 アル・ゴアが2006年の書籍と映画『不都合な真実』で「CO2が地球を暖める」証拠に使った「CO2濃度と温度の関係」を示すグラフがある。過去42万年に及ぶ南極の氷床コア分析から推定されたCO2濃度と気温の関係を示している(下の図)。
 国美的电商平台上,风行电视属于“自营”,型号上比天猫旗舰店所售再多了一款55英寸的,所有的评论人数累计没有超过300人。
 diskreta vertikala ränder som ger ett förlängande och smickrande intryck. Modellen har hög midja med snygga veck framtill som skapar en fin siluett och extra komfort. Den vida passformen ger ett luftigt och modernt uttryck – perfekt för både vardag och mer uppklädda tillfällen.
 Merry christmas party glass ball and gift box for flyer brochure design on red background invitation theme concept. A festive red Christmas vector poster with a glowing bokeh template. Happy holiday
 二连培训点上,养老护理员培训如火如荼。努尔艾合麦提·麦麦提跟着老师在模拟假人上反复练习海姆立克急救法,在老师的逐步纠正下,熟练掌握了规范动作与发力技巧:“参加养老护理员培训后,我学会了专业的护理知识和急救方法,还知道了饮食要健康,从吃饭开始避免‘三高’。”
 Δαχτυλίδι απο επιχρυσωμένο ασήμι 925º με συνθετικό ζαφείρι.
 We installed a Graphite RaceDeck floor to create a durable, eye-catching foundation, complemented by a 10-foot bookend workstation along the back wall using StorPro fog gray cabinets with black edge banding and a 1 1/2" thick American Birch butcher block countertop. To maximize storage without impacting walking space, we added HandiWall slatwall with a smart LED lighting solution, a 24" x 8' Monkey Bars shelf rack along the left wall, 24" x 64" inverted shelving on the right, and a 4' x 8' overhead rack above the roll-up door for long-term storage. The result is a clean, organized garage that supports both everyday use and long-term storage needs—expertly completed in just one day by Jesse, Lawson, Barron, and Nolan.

---+---

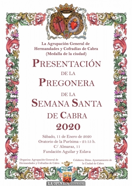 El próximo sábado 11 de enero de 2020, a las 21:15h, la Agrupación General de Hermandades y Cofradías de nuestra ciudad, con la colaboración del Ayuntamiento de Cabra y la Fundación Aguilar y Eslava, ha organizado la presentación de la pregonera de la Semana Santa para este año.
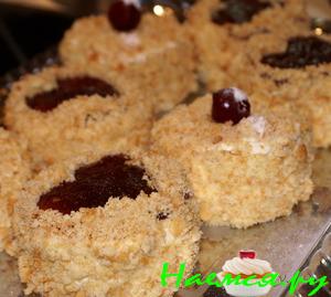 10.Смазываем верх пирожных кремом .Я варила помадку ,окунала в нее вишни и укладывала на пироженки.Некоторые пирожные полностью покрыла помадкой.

---+---

◆ Your assignment:
Copy the lines above exactly, beginning at the line that has "アル・ゴアが2006年の書籍" and stopping after the line that has "国美的电商平台上,风行电视属", and omit the rest.

◆ Result for this exercise:
 アル・ゴアが2006年の書籍と映画『不都合な真実』で「CO2が地球を暖める」証拠に使った「CO2濃度と温度の関係」を示すグラフがある。過去42万年に及ぶ南極の氷床コア分析から推定されたCO2濃度と気温の関係を示している(下の図)。
 国美的电商平台上,风行电视属于“自营”,型号上比天猫旗舰店所售再多了一款55英寸的,所有的评论人数累计没有超过300人。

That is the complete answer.